Consistency is a stronger guarantee than unbiasedness. The “first observation” estimator \(\hat{\mu} = X_1\) is unbiased but useless — its variance never shrinks. The sample mean is both unbiased and consistent.
set.seed(42)
B <- 5000
df_list <- list()
for (n in c(10, 50, 200, 1000)) {
xbar <- replicate(B, mean(rnorm(n, mean = 24, sd = sqrt(430))))
x1 <- rnorm(B, mean = 24, sd = sqrt(430))
df_list[[length(df_list) + 1]] <- data.frame(
estimate = c(xbar, x1),
estimator = rep(c("Sample mean", "First observation"), each = B),
n = n
)
}
df_consist <- do.call(rbind, df_list)
ggplot(df_consist, aes(estimate, fill = estimator)) +
geom_histogram(aes(y = after_stat(density)), bins = 50, alpha = 0.5,
position = "identity") +
geom_vline(xintercept = 24, linetype = "dashed") +
facet_wrap(~ n, scales = "free_y", labeller = label_both) +
scale_fill_manual(values = c("steelblue", "coral")) +
labs(title = "Consistent vs. merely unbiased",
subtitle = "Both are unbiased, but only the sample mean concentrates on μ",
x = "Estimate of μ = 24", fill = NULL)
OLS is consistent for the projection coefficient \(\beta\) whenever \(E[X_i e_i] = 0\). The proof is short: OLS is a continuous function of sample moments (\(\hat{Q}_{XX}^{-1} \hat{Q}_{XY}\)), the WLLN says sample moments converge to population moments, and the continuous mapping theorem (CMT) says continuous functions preserve convergence. When \(E[Xe] \neq 0\) — endogeneity — OLS is inconsistent regardless of sample size. This motivates the IV estimator.

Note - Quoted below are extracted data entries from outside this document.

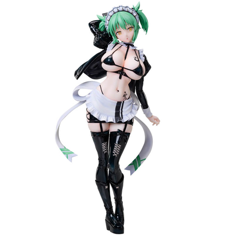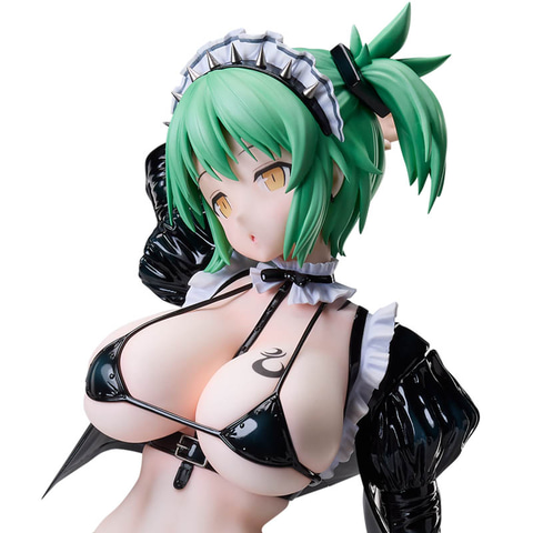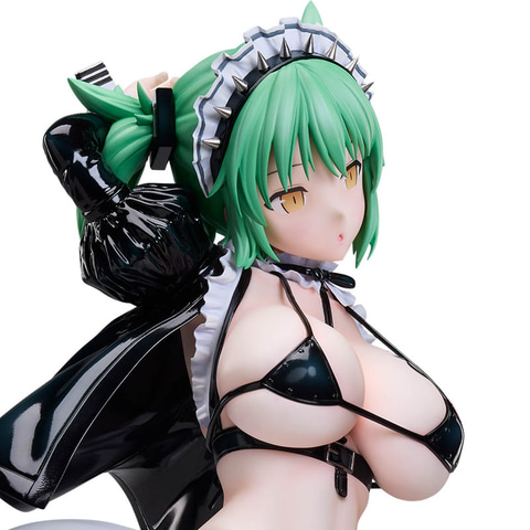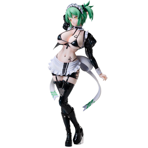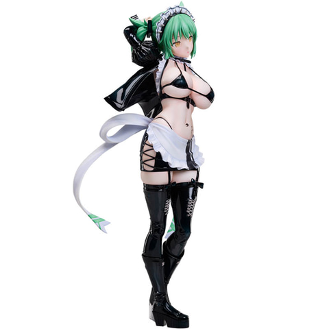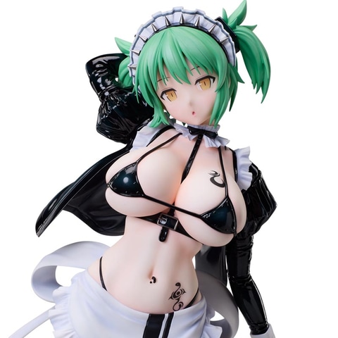 「閃乱カグラ×ドン・キホーテ」コラボにて描かれたイラストをモチーフに、キャラクターデザイナー・イラストレーターの八重樫南氏のデザインを忠実に立体化しており、ボンデージとメイドという異なる要素を融合させたコスチュームは、質感表現や細部の造形まで丁寧に再現。しなやかなポージングやメイド+ボンデージ衣装のディテールが1/4スケールならではの存在感を際立たせている。
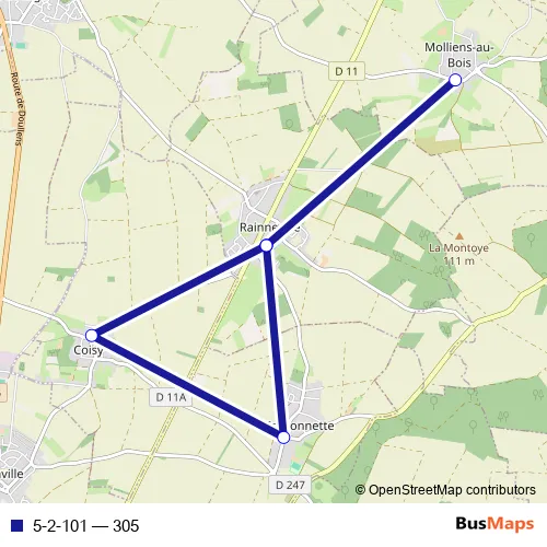The first stop of the 5-2-101 bus route is Rainneville - Ecole and the last stop is Rainneville - Ecole. 5-2-101 (305) is operational during todos los días.
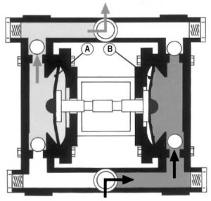 Chu kỳ 1 – Khí nén được bơm vào mặt sau của màng A đẩy chất lỏng theo hướng ra ngoài họng xả. Nó đồng thời kéo màng B với trục, do đó tạo ra lực hút ứng chân không hút chất lỏng vào từ họng hút.
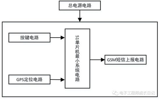 本系统由STC89C52单片机电路+GPS模块电路+GSM模块SIM800A+指示灯电路+电源电路组成。其硬件框图如图。

Theorem 1 (OLS Consistency) If \(\mathbb{E}[X_i e_i] = 0\) and \(Q_{XX} = \mathbb{E}[X_i X_i']\) is positive definite, then \(\hat\beta_{OLS} \xrightarrow{p} \beta\). OLS is a continuous function of sample moments; the WLLN and continuous mapping theorem deliver consistency.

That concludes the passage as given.